A White House spokeswoman, Erin Healy, reading from an official statement, said, "We respect Congressman DeLay's decision to put the interests of the American people, the House of Representatives and the Republican Party first. We look forward to continuing to work with Speaker Hastert and all House Republicans to build upon the important accomplishments we have achieved on behalf of the American people to make America safer and more prosperous."

It was not clear whether Bush administration officials played any role in pushing Mr. DeLay out, and Republicans who consulted with the White House and leadership on Capitol Hill said events had unfolded strictly within Congress.

Mr. DeLay stepped down from the post in the fall after his indictment in Texas on campaign-related charges of money laundering. But he was aggressively battling those accusations, and many of his colleagues considered the case partisan. But the Abramoff plea and the potential involvement in that case of others who had been close to Mr. DeLay shifted the political dynamic.

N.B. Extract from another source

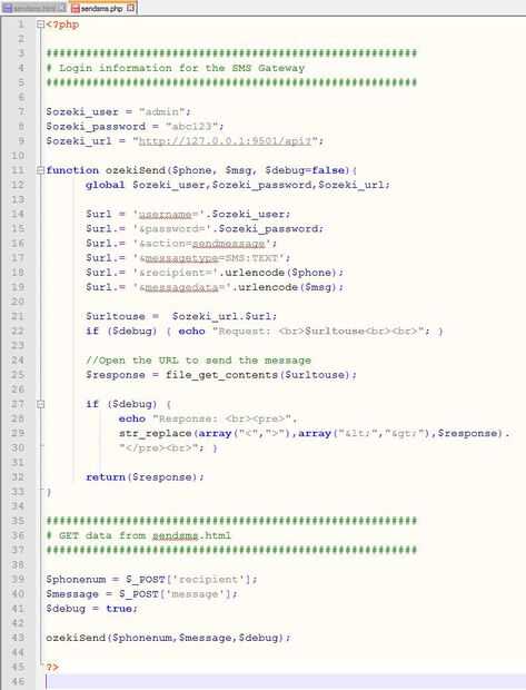 Estudiando el fragmento de código, puede ver que el programa genera la variable urltouse utilizando los parámetros anteriormente descritos. Cuando el visitante del sitio web está listo con el mensaje y hace clic en el botón Enviar, el servidor Web enviará esta variable urltouse como una petición HTTP a la pasarela de SMS. Después de esto, el gateway SMS enviará nuevamente una respuesta HTTP que autentica que el gateway SMS ha recibido el mensaje y está listo para enviar hacia el proveedor de servicio móvil. (Tenga en cuenta que el SMS se enviará mensaje al teléfono del destinatario de hecho, si se ha configurado el módem GSM o conexión IP SMS correctamente.)

House Republicans have stood by Mr. DeLay, who became majority leader in 2002 after serving for years as the party whip, despite a series of rebukes by the House ethics committee and a ferocious courtship of the lobbying industry that brought him under attack for having too heavy a hand in encouraging firms to hire favored Republican lobbyists. Democrats have complained for years about Mr. DeLay's iron control of the House, his unwillingness to engage the minority party and his ethical conduct. One Democratic leader said Saturday that his decision to step down would not spare Republicans from attacks over ethics.

"The culture of corruption is so pervasive in the Republican conference that a single person stepping down is not nearly enough to clean up the Republican Congress," said Representative Nancy Pelosi of California, the Democratic leader.

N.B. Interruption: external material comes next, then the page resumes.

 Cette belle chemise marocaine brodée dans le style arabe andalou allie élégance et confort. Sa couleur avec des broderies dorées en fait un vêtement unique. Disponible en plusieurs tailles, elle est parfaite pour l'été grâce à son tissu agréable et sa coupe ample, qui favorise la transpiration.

Those backing the petition drive for a new leader had hoped that Mr. DeLay would take himself out of the fight rather than have to be forced out by his colleagues. Kevin Madden, a spokesman for Mr. DeLay, said he made his choice after talking with his staff and other advisers and weighing his options.

"He doesn't see this as being broken," Mr. Madden said. "I think it is something that he sees as being best for the conference."

Anne E. Kornblut contributed reporting for this article.